Sirius dedujo que si tenían subalternos, esos mortífagos eran de rango alto. Intentó distinguir quiénes eran para informar a la Orden. Ese movimiento provocó que uno de los cubos metálicos chocara ligeramente contra el otro.

—¿Qué ha sido eso? —preguntó uno de los magos.

—¡Ha venido de por ahí! —exclamó su compañero.

De inmediato, el perro negro salió corriendo. Y justo entonces, como en toda buena tragedia, el cielo empezó a descargar una pesada lluvia. Los mortífagos le distinguieron y empezaron a perseguirle arrojando hechizos. Él era más veloz como perro, pero no podía defenderse... Dobló la esquina, se transformó y los recibió de frente:

—¡Desmaius! ¡Desmaius!

Que el perro perseguido se convirtiese en un mago atacante les sorprendió durante los segundos justos para que Sirius pudiese aturdirlos. No obstante, se recuperarían enseguida. Él solo no podía inmovilizarlos y detenerlos, así que los desmemorizó y se echó a correr a toda velocidad sin perder tiempo ni en transformarse de nuevo. La lluvia caía pesada y le impedía ver bien hacia dónde avanzaba. Creyó oír a sus espaldas las zancadas de sus perseguidores (los de antes u otros) y, en ese momento, se dio cuenta de que estaba en un callejón sin salida. Antes de girarse, alzó su varita en un gesto desesperado por defenderse. Al momento escuchó un ruido fuerte y metálico y ahogó un grito. Una voz aguda proclamó:

—Bienvenido al autobús noctámbulo, transporte de emergencia para el mago abandonado a su suerte. Extienda la varita, suba a bordo y lo llevaremos a donde quiera. Me llamo Stan Shunpike. Estaré a su disposición esta noche.

Se trataba de un chico poco mayor que Sirius, de aspecto canalla pero simpático. Sirius subió de un salto y suspiró aliviado. El bus se ocultaba de los mortífagos, era uno de los pocos transportes seguros que quedaban... Se dedicaban a rescatar magos que sufrían emboscadas y trasladarlos al Callejón Diagon. Habían centrado todas las protecciones en la famosa vía y, en esos tiempos, era el lugar más seguro del que disponían los magos y brujas ingleses. Stan le empezó a explicar que el viaje costaba once sickles, por dos más le daba una taza de chocolate caliente y por otros dos más...

—Toma un galeón, quédate el cambio.

Estaba tan aliviado de haberse librado, que le hubiese dado hasta su casa. Además, gracias a la herencia de su tío Alphard, si algo le sobraba era dinero.

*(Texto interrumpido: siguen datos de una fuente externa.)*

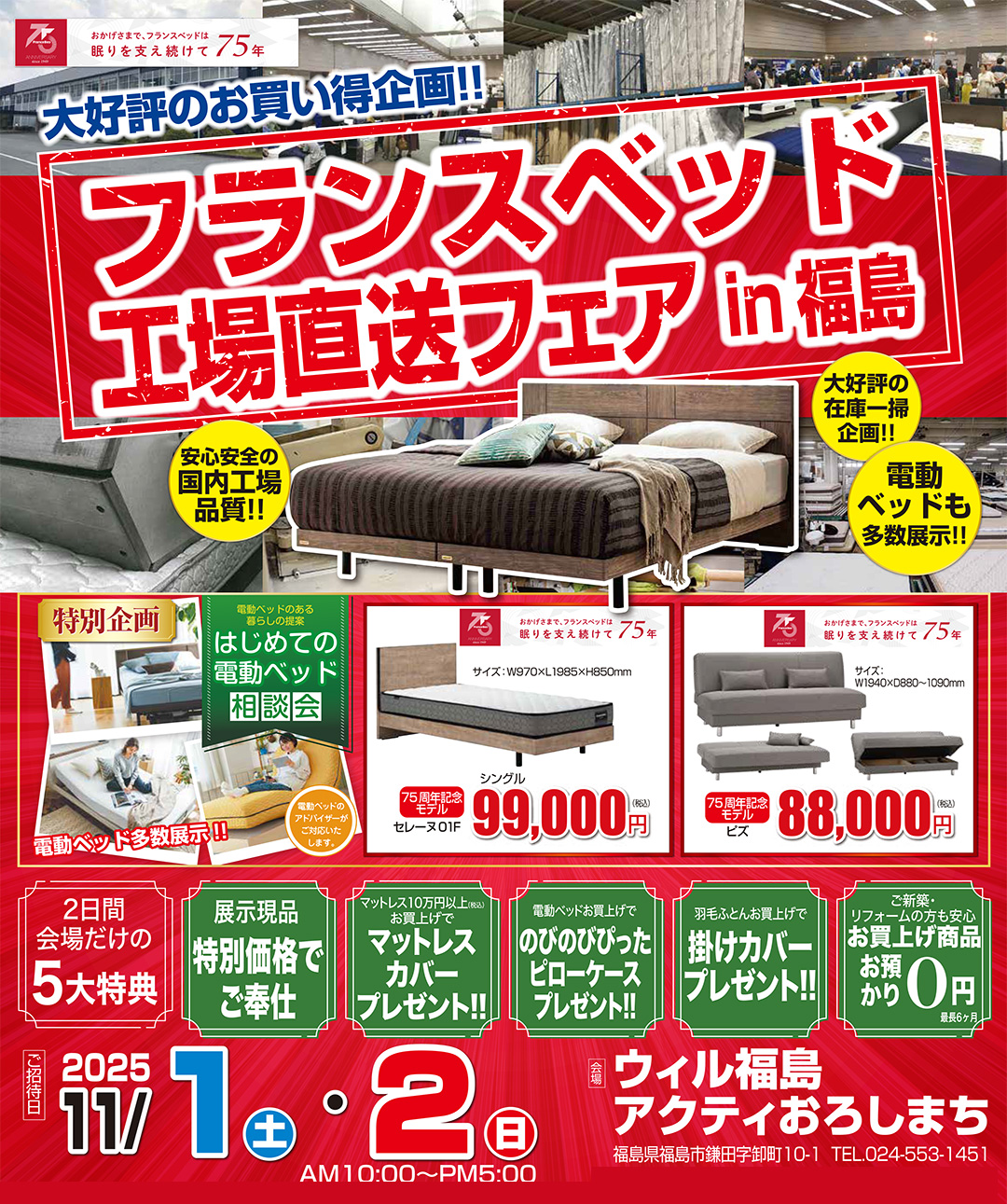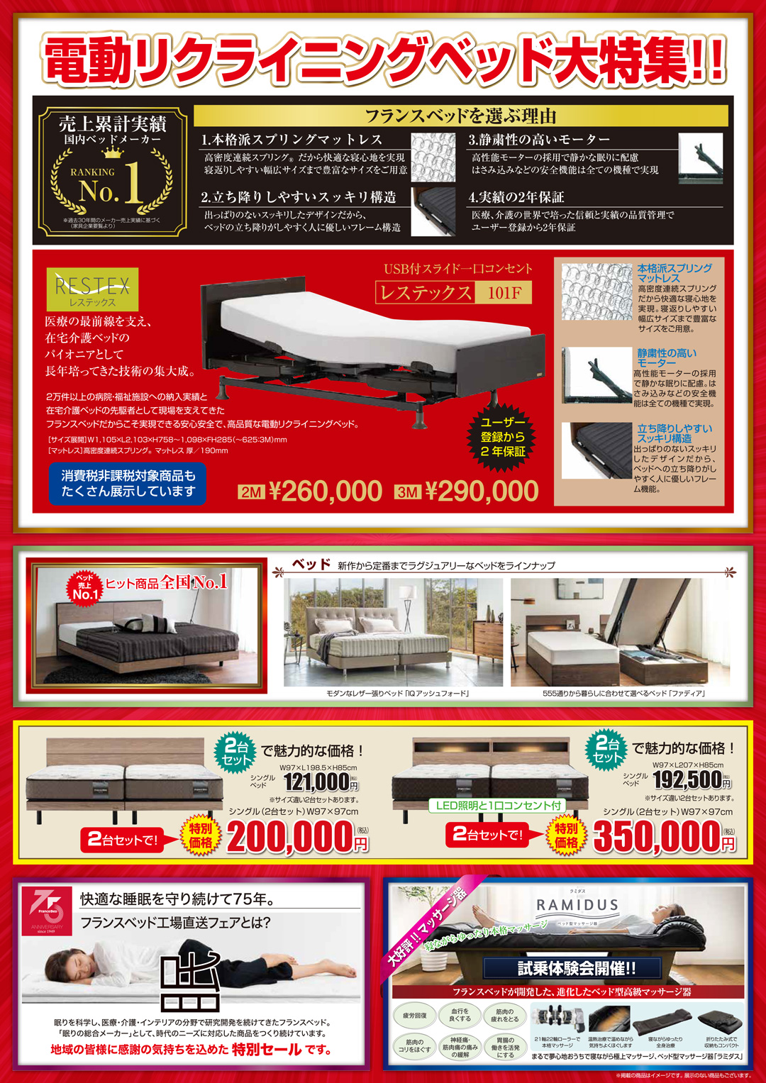 フランスベッド工場直送スペシャルフェア! 新作、展示現品も全商品、工場直送フェア特別価格にてご提供! |

—Perfecto, caballero. Tardaremos unas dos horas, hemos de dar bastantes rodeos para que no nos detecten... Si quiere estar solo, suba al piso de arriba.

Sirius murmuró un "Gracias" mientras se agarraba a un asidero para no salir disparado con la delirante velocidad del bus. Comprobó que de la media docena de camas que había en esa planta, cuatro estaban ocupadas. Como prefería la privacidad, decidió subir al piso de arriba. No obstante, alcanzar la escalera de madera del fondo no era empresa fácil. El bus no paraba de girar, estrecharse y dar bandazos. Sirius no quería más heridas en su cuerpo y menos provocadas por un bus (qué ridículo, James se burlaría). Así que avanzó despacio, agarrándose a los asideros y deteniéndose cuando la velocidad era excesiva.

—¡Para aquí, Ernie! —le gritó Stan al conductor.

El bus se detuvo con otro frenazo que casi hizo a Sirius aterrizar sobre un anciano que dormía plácidamente. Iba a aprovechar la parada para subir al segundo piso, pero la curiosidad por el nuevo viajero pudo más.

—Buenas noches, bienvenida al autobús noctámbulo.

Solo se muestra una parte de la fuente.